This is sort of what I'm looking for, but is it possible to include a function inside lambda?
Yes it is. eg. doublelength = lambda x: len(x)*2
8

It is worth noting that this question has been answered at face value above with the accepted answer, but as @David Ehrmann mentioned in a comment in the question, it is preferred to use comprehensions instead of map and filter.

Why is that? As stated in "Effective Python, 2nd Edition" by Brett Slatkin pg. 108, "Unless you're applying a single-argument function, list comprehensions are also clearer than the map built-in function for simple cases. map requires the creation of a lambda function for the computation, which is visually noisy." I would add the same goes for filter.

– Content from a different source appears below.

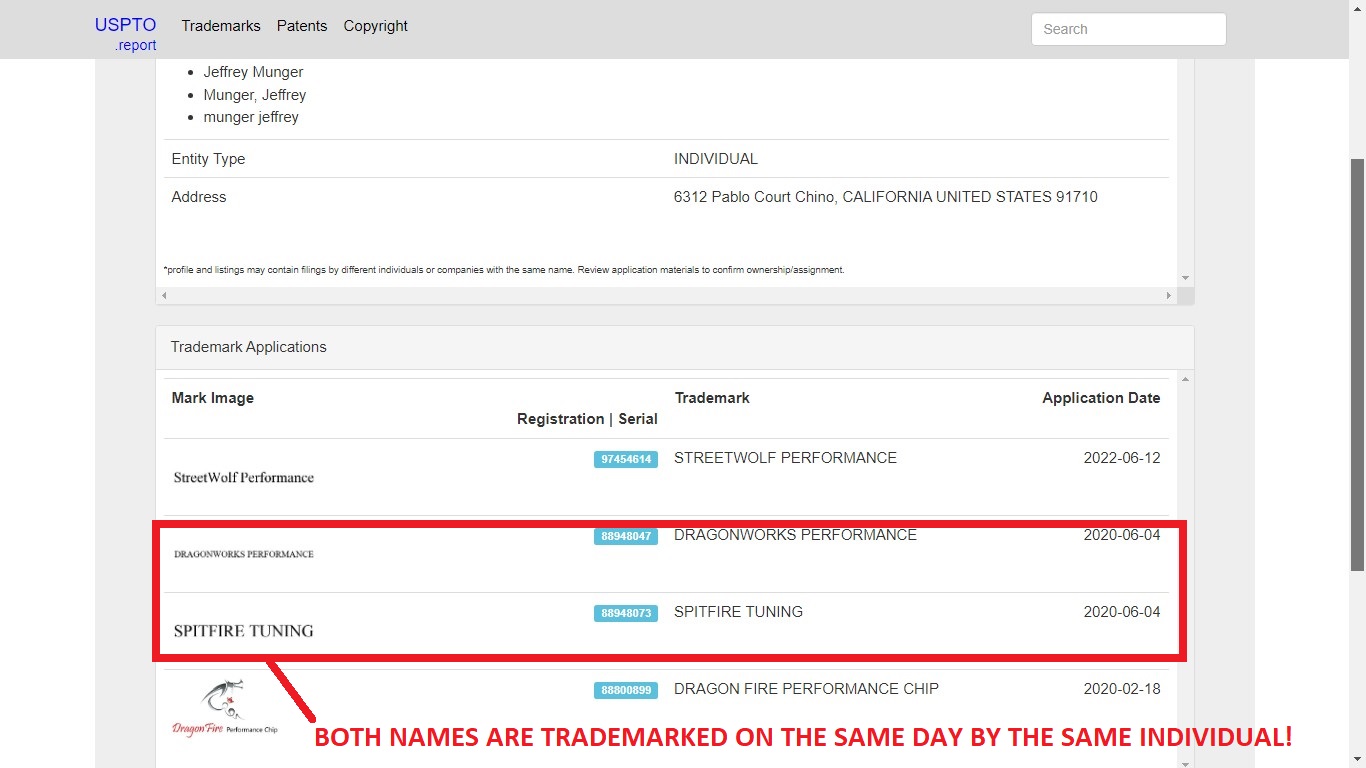 Now we see the plot thickens. Both trademarks “Dragonworks Performance” and “Spitfire Tuning” were applied for on the same day and by the same individual! They also trademarked two other names to be on the lookout for: “Dragonfire Performance Chip” and “Streetwolf Performance”. Chino, CA is indeed in southern California and it appears this is the source of these chips, which we have already determined to be a scam in previous reviews. Now that we know these fake modules are both sold by the same scammers, can we prove the review site is related, or are they just mistaken in their findings?

e.g. let's say I want to map and filter over a list to return the square of the items in the list, but only the even ones (this is an example from the book).

Using the accepted answer's method of using lambdas:

arr = [1,2,3,4]
even_squares = list(map(lambda x: x**2, filter(lambda x: x%2 == 0, arr)))
print(even_squares) # [4, 16]

Using comprehensions:

arr = [1,2,3,4]
even_squares = [x**2 for x in arr if x%2 == 0]
print(even_squares) # [4, 16]

So, along with others, I would advise using comprehensions instead of map and filter. This question dives into it even further.

As far as reduce goes, functools.reduce still seems like the proper option.

Comments

3
reduce(function, iterable[, initializer])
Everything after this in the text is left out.